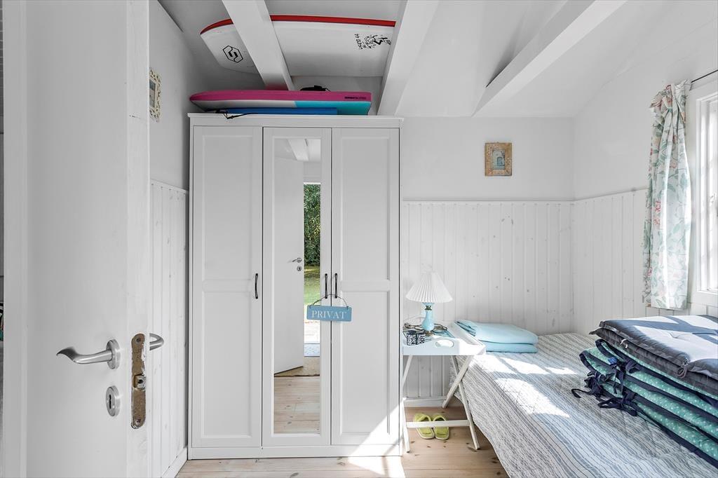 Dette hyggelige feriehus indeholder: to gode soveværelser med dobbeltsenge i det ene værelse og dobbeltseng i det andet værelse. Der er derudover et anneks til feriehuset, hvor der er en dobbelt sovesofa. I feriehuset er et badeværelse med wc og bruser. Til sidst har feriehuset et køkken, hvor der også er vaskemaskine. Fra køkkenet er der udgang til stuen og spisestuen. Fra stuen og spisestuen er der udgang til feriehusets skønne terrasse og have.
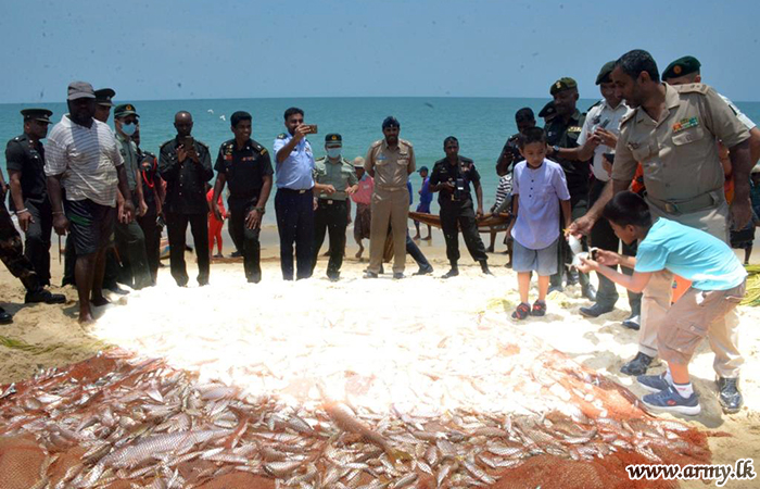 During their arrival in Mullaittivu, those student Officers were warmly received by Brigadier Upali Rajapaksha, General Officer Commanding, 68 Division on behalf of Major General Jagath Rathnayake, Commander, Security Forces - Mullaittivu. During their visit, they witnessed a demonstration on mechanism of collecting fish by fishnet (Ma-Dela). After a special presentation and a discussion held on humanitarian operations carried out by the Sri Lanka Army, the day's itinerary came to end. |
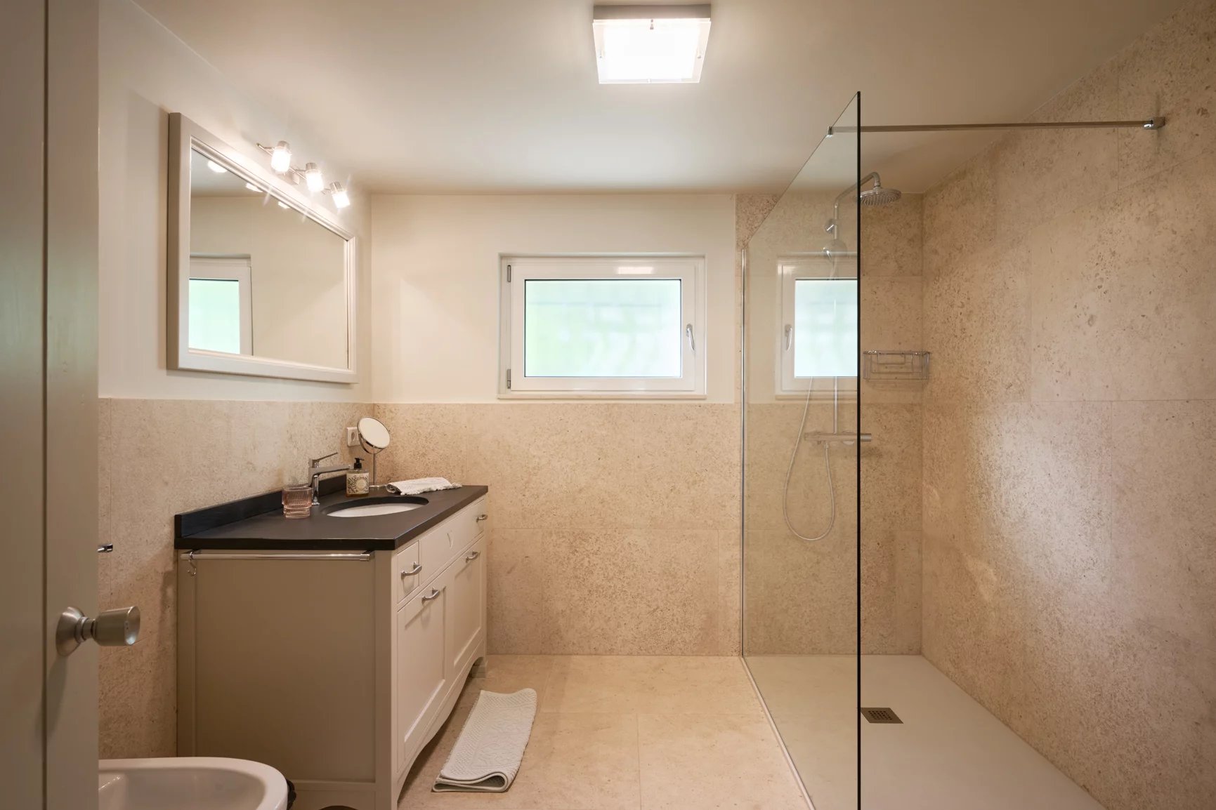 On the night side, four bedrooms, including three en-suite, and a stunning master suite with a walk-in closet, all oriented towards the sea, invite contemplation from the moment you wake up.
⁂
Work request: Would you transcribe all of the data exactly, omitting any pictures?

Written answer:
 Dette hyggelige feriehus indeholder: to gode soveværelser med dobbeltsenge i det ene værelse og dobbeltseng i det andet værelse. Der er derudover et anneks til feriehuset, hvor der er en dobbelt sovesofa. I feriehuset er et badeværelse med wc og bruser. Til sidst har feriehuset et køkken, hvor der også er vaskemaskine. Fra køkkenet er der udgang til stuen og spisestuen. Fra stuen og spisestuen er der udgang til feriehusets skønne terrasse og have.
 During their arrival in Mullaittivu, those student Officers were warmly received by Brigadier Upali Rajapaksha, General Officer Commanding, 68 Division on behalf of Major General Jagath Rathnayake, Commander, Security Forces - Mullaittivu. During their visit, they witnessed a demonstration on mechanism of collecting fish by fishnet (Ma-Dela). After a special presentation and a discussion held on humanitarian operations carried out by the Sri Lanka Army, the day's itinerary came to end. |
 On the night side, four bedrooms, including three en-suite, and a stunning master suite with a walk-in closet, all oriented towards the sea, invite contemplation from the moment you wake up.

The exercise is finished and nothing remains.